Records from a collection
────────
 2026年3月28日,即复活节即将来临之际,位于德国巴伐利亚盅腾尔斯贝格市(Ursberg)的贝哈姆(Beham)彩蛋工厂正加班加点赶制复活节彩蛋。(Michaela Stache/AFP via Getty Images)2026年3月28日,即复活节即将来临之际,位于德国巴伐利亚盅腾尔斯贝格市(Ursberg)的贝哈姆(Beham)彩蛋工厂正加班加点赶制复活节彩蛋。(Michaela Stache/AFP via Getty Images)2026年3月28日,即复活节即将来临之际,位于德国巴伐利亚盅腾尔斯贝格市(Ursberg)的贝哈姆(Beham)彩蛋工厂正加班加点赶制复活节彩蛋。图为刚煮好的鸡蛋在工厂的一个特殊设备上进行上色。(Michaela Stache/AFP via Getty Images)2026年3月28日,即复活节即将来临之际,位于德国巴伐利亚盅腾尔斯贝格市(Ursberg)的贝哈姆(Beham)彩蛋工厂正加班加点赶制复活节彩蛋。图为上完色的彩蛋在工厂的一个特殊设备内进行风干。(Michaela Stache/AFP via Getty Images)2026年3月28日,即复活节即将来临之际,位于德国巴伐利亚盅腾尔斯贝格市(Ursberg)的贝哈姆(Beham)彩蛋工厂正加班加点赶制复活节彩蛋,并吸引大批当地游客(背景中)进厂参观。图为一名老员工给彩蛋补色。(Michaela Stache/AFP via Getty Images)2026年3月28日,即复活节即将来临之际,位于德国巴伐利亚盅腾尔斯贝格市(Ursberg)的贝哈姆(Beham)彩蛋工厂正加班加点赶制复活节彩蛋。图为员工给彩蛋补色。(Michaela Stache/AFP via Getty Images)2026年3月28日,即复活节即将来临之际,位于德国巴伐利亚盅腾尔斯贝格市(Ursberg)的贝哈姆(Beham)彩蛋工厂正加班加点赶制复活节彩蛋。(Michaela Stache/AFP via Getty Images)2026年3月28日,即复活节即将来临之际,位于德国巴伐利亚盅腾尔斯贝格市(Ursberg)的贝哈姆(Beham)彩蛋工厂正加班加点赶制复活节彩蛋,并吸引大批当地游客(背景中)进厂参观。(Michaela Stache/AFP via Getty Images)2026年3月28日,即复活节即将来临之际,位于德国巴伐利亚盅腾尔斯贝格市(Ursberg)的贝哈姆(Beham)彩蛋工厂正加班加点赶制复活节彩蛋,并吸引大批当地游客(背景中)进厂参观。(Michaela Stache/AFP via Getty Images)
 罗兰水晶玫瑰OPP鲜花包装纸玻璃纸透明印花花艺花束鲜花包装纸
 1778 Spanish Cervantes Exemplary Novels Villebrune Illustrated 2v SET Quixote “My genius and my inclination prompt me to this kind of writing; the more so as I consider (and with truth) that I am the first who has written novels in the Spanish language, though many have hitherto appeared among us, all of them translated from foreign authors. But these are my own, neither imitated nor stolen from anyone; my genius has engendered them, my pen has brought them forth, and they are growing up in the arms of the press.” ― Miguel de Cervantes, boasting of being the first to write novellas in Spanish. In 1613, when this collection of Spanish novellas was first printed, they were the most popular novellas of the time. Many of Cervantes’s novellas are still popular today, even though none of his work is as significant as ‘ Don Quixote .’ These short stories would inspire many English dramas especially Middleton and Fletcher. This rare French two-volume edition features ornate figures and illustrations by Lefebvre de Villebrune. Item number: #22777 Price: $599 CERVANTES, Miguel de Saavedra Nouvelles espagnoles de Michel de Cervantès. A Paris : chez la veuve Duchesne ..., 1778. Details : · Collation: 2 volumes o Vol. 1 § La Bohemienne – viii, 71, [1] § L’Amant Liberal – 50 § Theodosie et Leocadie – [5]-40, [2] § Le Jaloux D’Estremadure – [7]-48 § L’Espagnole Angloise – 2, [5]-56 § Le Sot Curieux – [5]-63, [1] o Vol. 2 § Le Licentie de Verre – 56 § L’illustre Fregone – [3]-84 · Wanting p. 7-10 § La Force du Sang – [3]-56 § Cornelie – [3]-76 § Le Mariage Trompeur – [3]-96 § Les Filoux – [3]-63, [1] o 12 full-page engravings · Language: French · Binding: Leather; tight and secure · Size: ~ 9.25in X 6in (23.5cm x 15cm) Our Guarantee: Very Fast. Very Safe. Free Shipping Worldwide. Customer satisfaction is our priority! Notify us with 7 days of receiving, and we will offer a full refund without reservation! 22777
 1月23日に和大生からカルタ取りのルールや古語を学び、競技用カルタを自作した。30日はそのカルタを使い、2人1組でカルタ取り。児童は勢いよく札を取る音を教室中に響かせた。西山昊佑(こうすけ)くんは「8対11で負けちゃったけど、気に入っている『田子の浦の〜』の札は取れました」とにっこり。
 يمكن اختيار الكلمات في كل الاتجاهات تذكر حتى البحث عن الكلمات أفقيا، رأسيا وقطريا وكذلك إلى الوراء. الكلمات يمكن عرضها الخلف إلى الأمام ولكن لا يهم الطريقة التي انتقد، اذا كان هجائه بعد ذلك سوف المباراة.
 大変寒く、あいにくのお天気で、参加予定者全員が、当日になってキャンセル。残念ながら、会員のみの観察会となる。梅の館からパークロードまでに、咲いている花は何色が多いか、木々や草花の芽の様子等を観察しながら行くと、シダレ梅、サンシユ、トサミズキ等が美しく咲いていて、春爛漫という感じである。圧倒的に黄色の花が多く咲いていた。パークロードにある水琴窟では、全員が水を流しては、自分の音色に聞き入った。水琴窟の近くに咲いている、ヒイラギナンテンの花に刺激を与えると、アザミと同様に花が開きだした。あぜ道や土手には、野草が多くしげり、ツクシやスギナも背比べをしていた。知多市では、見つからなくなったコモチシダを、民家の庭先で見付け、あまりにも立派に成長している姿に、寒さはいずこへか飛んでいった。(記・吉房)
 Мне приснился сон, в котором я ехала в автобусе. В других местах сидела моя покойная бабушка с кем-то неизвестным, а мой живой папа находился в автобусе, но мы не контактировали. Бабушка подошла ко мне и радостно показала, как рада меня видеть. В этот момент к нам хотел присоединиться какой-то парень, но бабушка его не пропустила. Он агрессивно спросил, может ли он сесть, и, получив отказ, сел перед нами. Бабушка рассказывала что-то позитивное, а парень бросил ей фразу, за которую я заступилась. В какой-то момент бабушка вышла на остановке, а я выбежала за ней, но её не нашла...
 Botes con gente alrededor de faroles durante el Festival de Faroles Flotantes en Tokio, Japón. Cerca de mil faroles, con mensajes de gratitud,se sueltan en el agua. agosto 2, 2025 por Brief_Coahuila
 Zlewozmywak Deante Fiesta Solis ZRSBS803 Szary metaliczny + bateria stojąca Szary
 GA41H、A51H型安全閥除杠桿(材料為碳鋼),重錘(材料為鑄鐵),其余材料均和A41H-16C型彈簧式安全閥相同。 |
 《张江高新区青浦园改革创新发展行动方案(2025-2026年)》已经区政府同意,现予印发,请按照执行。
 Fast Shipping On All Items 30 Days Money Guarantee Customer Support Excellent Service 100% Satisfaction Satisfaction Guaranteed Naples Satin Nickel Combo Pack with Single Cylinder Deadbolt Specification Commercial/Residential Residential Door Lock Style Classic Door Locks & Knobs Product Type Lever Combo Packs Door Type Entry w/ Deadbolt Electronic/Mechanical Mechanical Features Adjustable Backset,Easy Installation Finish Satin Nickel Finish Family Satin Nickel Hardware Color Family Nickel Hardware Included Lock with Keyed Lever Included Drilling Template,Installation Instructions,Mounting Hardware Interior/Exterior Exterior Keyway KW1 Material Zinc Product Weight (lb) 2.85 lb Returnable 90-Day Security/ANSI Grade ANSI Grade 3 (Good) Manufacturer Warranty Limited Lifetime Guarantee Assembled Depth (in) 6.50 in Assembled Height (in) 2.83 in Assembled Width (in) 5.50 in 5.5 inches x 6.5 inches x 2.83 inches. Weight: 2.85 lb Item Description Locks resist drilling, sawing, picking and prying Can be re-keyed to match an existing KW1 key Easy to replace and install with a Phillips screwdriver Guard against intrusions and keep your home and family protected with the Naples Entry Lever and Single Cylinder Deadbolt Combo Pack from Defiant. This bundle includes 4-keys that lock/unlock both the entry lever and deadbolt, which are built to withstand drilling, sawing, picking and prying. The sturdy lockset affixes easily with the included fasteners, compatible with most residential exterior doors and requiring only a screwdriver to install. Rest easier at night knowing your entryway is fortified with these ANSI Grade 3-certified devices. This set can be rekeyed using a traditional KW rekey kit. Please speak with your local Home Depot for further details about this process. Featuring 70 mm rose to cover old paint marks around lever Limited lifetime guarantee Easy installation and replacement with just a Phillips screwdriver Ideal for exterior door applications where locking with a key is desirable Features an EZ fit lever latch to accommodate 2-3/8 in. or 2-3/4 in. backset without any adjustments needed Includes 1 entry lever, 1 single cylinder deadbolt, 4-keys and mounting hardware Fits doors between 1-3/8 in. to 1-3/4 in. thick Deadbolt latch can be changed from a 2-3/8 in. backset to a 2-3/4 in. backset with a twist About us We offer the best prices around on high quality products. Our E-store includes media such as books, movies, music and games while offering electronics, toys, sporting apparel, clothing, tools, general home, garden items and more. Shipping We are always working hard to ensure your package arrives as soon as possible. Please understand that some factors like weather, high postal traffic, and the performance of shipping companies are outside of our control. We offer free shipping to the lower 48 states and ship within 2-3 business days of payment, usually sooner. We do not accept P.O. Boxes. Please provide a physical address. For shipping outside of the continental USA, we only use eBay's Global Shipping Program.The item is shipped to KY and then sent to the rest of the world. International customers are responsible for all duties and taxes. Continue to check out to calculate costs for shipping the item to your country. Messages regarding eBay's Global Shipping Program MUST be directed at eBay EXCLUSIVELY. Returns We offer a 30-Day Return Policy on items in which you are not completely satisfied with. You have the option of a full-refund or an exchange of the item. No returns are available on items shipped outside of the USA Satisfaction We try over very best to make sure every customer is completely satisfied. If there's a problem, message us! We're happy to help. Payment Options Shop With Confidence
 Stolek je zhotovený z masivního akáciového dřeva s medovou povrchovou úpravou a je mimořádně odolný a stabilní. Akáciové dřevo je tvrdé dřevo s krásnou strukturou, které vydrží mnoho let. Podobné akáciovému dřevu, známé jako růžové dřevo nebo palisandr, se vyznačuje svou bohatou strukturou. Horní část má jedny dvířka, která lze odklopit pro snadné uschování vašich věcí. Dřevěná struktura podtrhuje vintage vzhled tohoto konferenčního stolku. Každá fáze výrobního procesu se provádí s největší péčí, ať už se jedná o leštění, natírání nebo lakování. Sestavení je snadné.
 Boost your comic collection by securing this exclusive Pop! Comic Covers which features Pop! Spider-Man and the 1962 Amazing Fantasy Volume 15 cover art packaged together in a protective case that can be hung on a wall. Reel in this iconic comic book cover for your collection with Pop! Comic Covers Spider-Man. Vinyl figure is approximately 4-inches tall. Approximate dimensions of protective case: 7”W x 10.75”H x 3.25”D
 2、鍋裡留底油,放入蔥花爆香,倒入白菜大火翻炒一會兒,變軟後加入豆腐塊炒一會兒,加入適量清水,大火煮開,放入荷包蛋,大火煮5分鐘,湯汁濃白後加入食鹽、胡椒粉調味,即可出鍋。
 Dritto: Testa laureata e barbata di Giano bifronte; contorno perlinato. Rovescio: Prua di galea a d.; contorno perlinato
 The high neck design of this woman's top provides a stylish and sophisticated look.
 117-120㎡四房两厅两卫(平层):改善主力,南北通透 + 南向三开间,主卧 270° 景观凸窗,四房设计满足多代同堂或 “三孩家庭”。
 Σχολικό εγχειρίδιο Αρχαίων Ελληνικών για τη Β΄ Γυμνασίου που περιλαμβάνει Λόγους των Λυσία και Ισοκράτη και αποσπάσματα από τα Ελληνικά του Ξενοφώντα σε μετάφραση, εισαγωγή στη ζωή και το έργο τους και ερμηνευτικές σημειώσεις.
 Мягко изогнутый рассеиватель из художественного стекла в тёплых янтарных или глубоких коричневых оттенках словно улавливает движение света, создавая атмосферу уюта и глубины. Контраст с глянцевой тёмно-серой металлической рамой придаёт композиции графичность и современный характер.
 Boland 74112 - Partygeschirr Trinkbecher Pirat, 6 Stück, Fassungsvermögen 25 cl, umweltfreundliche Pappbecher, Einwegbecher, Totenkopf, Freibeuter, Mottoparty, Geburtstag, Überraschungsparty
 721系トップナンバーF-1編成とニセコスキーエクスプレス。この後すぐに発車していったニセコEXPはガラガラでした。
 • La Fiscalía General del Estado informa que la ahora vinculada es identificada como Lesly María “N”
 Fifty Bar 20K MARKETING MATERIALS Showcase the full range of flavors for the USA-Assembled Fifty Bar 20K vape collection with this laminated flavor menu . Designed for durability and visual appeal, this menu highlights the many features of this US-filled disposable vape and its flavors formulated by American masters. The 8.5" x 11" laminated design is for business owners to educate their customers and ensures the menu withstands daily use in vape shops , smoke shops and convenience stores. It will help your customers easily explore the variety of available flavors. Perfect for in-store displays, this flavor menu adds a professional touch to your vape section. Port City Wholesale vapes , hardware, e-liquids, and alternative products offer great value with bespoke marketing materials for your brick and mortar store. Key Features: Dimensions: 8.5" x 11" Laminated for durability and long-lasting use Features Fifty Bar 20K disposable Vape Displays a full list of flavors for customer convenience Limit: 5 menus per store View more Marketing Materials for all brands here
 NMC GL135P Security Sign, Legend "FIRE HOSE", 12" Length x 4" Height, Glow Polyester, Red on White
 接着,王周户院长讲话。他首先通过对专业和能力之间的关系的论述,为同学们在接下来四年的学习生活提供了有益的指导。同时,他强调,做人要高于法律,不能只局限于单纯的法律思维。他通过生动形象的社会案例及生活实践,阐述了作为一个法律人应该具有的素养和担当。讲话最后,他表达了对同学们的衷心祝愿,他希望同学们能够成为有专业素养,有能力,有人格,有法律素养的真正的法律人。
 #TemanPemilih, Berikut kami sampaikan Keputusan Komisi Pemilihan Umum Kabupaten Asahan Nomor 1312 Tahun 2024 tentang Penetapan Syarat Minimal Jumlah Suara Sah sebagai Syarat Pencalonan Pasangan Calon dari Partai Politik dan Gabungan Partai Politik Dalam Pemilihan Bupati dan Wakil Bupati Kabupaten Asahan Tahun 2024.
────────
* [REQUIRED WORK] Lines from the top of the entries above to the line that contains "罗兰水晶玫瑰OPP鲜花包装纸玻璃纸透明印花花艺花束鲜花包装纸" should be set down exactly, please, with both ends kept and nothing added.

* [RESPONSE AREA]
 2026年3月28日,即复活节即将来临之际,位于德国巴伐利亚盅腾尔斯贝格市(Ursberg)的贝哈姆(Beham)彩蛋工厂正加班加点赶制复活节彩蛋。(Michaela Stache/AFP via Getty Images)2026年3月28日,即复活节即将来临之际,位于德国巴伐利亚盅腾尔斯贝格市(Ursberg)的贝哈姆(Beham)彩蛋工厂正加班加点赶制复活节彩蛋。(Michaela Stache/AFP via Getty Images)2026年3月28日,即复活节即将来临之际,位于德国巴伐利亚盅腾尔斯贝格市(Ursberg)的贝哈姆(Beham)彩蛋工厂正加班加点赶制复活节彩蛋。图为刚煮好的鸡蛋在工厂的一个特殊设备上进行上色。(Michaela Stache/AFP via Getty Images)2026年3月28日,即复活节即将来临之际,位于德国巴伐利亚盅腾尔斯贝格市(Ursberg)的贝哈姆(Beham)彩蛋工厂正加班加点赶制复活节彩蛋。图为上完色的彩蛋在工厂的一个特殊设备内进行风干。(Michaela Stache/AFP via Getty Images)2026年3月28日,即复活节即将来临之际,位于德国巴伐利亚盅腾尔斯贝格市(Ursberg)的贝哈姆(Beham)彩蛋工厂正加班加点赶制复活节彩蛋,并吸引大批当地游客(背景中)进厂参观。图为一名老员工给彩蛋补色。(Michaela Stache/AFP via Getty Images)2026年3月28日,即复活节即将来临之际,位于德国巴伐利亚盅腾尔斯贝格市(Ursberg)的贝哈姆(Beham)彩蛋工厂正加班加点赶制复活节彩蛋。图为员工给彩蛋补色。(Michaela Stache/AFP via Getty Images)2026年3月28日,即复活节即将来临之际,位于德国巴伐利亚盅腾尔斯贝格市(Ursberg)的贝哈姆(Beham)彩蛋工厂正加班加点赶制复活节彩蛋。(Michaela Stache/AFP via Getty Images)2026年3月28日,即复活节即将来临之际,位于德国巴伐利亚盅腾尔斯贝格市(Ursberg)的贝哈姆(Beham)彩蛋工厂正加班加点赶制复活节彩蛋,并吸引大批当地游客(背景中)进厂参观。(Michaela Stache/AFP via Getty Images)2026年3月28日,即复活节即将来临之际,位于德国巴伐利亚盅腾尔斯贝格市(Ursberg)的贝哈姆(Beham)彩蛋工厂正加班加点赶制复活节彩蛋,并吸引大批当地游客(背景中)进厂参观。(Michaela Stache/AFP via Getty Images)
 罗兰水晶玫瑰OPP鲜花包装纸玻璃纸透明印花花艺花束鲜花包装纸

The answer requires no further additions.